Tuesday, April 24, 2018

12 yr old has outbursts playing soccer

Dear Dr. Gottlieb,

I am so glad to have found your blog today and look forward to reading your books (I just ordered on Amazon).  Your definition and explanation of anger overload (from the greatschools article) fits our twelve-year old boy very closely.  We have been working on this with him on this for about three years.  We have been seeing a child pshycologist for the last two years and feel like we’re making progress.   Initially he barely passed the threshold for ADHD but that diagnosis didn’t fit for us and an attempt at  trying the traditional stimulants was disastrous (several severe angry outbursts in a short period).  We then switched to SSRI’s on the view that he has underlying anxiety and together with cognitive therapy we think he’s much better at coping and avoiding outbursts.  As an example of our cognitive therapy, an angry outburst at home that involves swearing results in $1 fine to the swear jar.  This has dramatically reduced the swearing incidents.  We also try to talk thru the events afterwards, try to help him understand triggers, what he might have done differently, other’s perspective etc. 

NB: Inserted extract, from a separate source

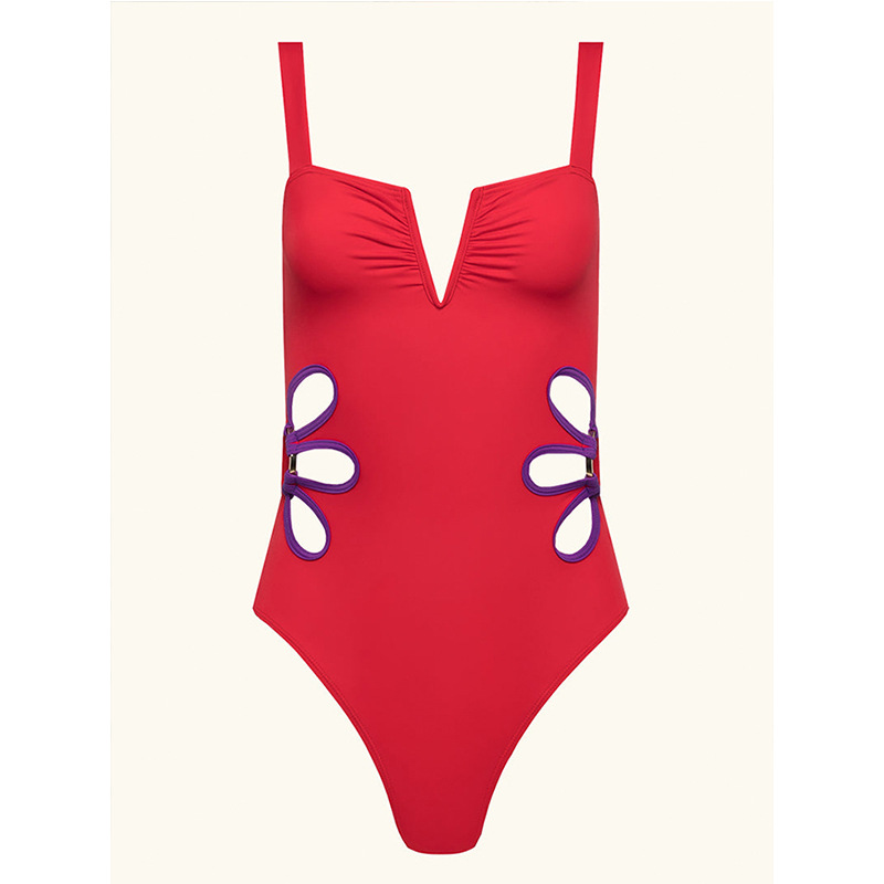 Traje de baño de una pieza para mujer, color sólido, sexy, escote en V, dos lados ahuecados, diseño recortado

At school, he has only had a few outbursts and never been punished beyond a call to us (twice in five years).  The real problem I’m concerned about is avoidance and withdrawal from “society” in the aftermath of these outbursts. This has meant withdrawal from team and group activities.  For example, he was kicked off a team 2 years ago for two big outbursts. Then after one season a second team would not invite him back due to another outburst.  This week he had another swearing, angry incident with a third team that he has been with for about two years.   He is one of the “stars” of the team, plays well with teammates, shares the ball, is normally kind and considerate etc. This is not a high-pressure team and the environment is generally positive, he usually enjoys practice and games very much. He is indeed a risk-taker and plays with passion and bravery.  However at practice this week he felt slighted by two of the other boys (he said they were tripping him on purpose), had the typical loss of control and angry outburst, and needed to be taken home to cool off.  He is now determined that he will not rejoin the team.   I am confident that on his own accord, he will not go back.

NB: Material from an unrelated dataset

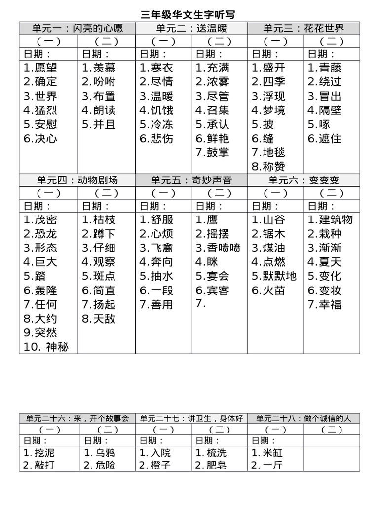 Kssr三年级华文听写1 0

Do you have any advice?   He’s now 12 and I’m afraid we’re at an inflection point where letting him quit delivers the wrong message and won’t help him.   He loves soccer, loves playing, but I believe is now sad, embarrassed and doesn’t want to “face up” to the situation that led to the episode.  He did not want to go to school today (where he would likely see the same boys) but he didn’t protest too much and he was angry but did not lose control and made it to school   From experience, I know that if we try to talk through it, with the aim of getting him back to the team, he will likely become angry and defiant.   Bribery might work but probably not.  I doubt forcing him will work.  Punishment doesn’t seem to be the right approach either.

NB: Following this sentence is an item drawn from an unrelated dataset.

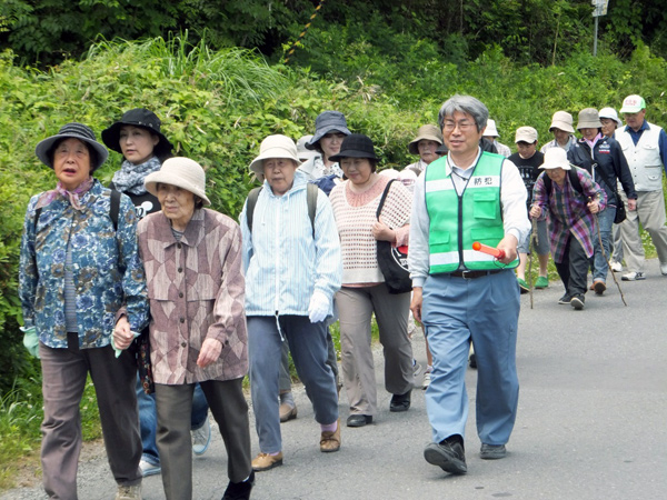 「訓練です。大津波警報が当地区に発令されました」防犯部長の呼び声とともに子どもからお年寄りまで総勢60名の住民の方々が集合場所に集まってきました。各棟の班長の点呼の後、1列に並んで500m先の高台にある避難場所を目指しました。

I would welcome any thoughts!

You've done a great job trying to help him understand his triggers and helping him understand the perspective of others.  It's a shame he was kicked off two teams and now does not want to go back to a third.  The first two incidents set a pattern unfortunately which your son now is continuing of his own volition for the third team.  You mention the trigger for the most recent incident was that he felt slighted and felt he was tripped on purpose. Do you think the boys were doing it on purpose, and were there other reasons he felt slighted?  

Once you have determined what else (if anything) he was reacting to, you would want to help him re-frame these incidents.  Try to help him look at "being slighted" and "being tripped on purpose" in a new way.  For example, you could talk about how even in professional soccer players get tripped, sometimes by accident when everyone is going for the ball, and sometimes on purpose to prevent the opposing player from making a good shot or good pass.  Which does your son think was happening in his game?  By giving him a choice of explanations, you are giving him a chance to say how he felt, and then you can do some re-framing that takes into account his feelings.  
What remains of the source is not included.